● **Recorded data**:
═══

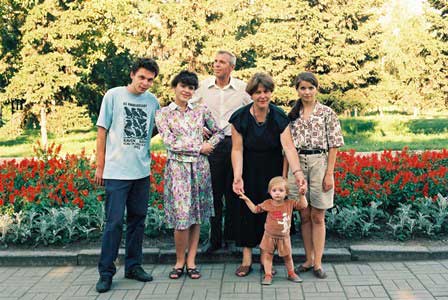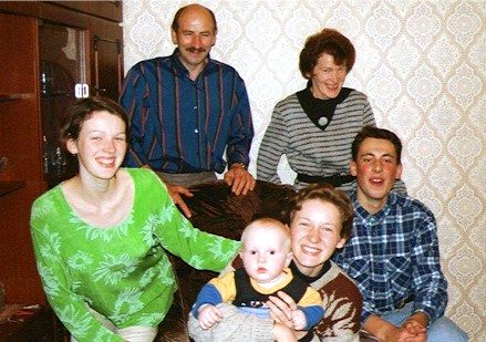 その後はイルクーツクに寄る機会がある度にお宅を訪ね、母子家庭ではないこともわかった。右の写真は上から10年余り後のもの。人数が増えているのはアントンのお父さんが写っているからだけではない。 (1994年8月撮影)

═══

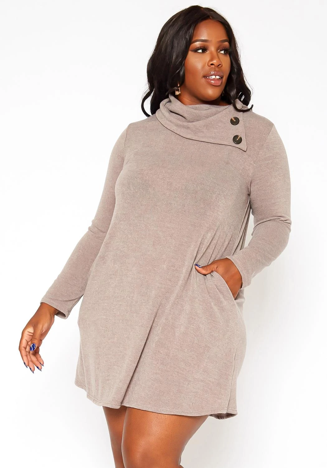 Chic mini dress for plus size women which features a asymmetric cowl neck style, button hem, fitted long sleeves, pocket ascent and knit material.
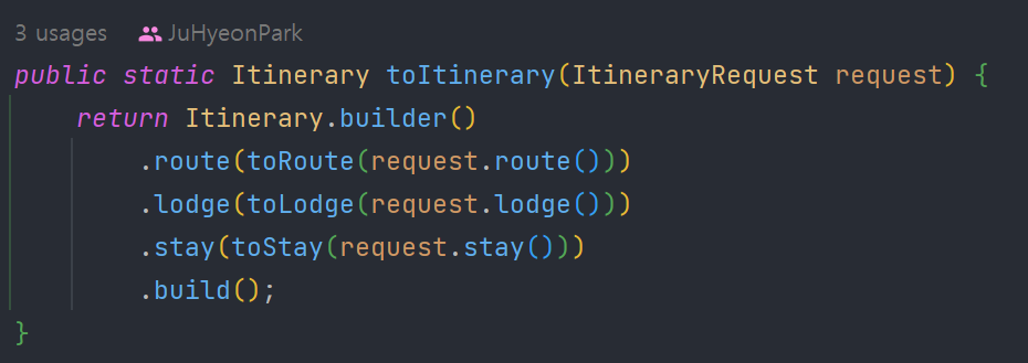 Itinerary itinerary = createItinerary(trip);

═══

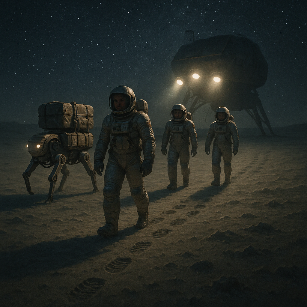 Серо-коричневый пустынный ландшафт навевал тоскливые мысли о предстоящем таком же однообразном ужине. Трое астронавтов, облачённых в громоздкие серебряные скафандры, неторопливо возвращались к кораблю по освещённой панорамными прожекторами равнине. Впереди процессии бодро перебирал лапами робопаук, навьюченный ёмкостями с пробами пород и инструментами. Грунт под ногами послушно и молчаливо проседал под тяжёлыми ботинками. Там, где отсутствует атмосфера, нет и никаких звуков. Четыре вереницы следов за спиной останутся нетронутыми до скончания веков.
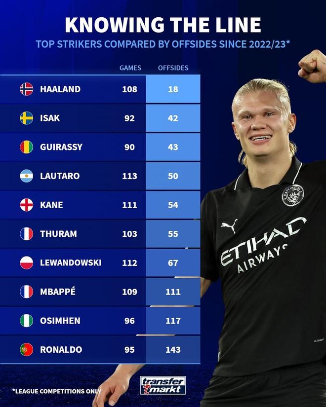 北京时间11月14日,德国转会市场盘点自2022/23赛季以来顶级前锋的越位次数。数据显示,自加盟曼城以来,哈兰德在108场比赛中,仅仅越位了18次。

═══

Beginning with the line above that contains "Chic mini dress" and finishing with the line that contains "Itinerary itinerary = createItinerary(trip);", print those lines exactly and only. Skip all pictures.

● **Exercise output**:
 Chic mini dress for plus size women which features a asymmetric cowl neck style, button hem, fitted long sleeves, pocket ascent and knit material.
 Itinerary itinerary = createItinerary(trip);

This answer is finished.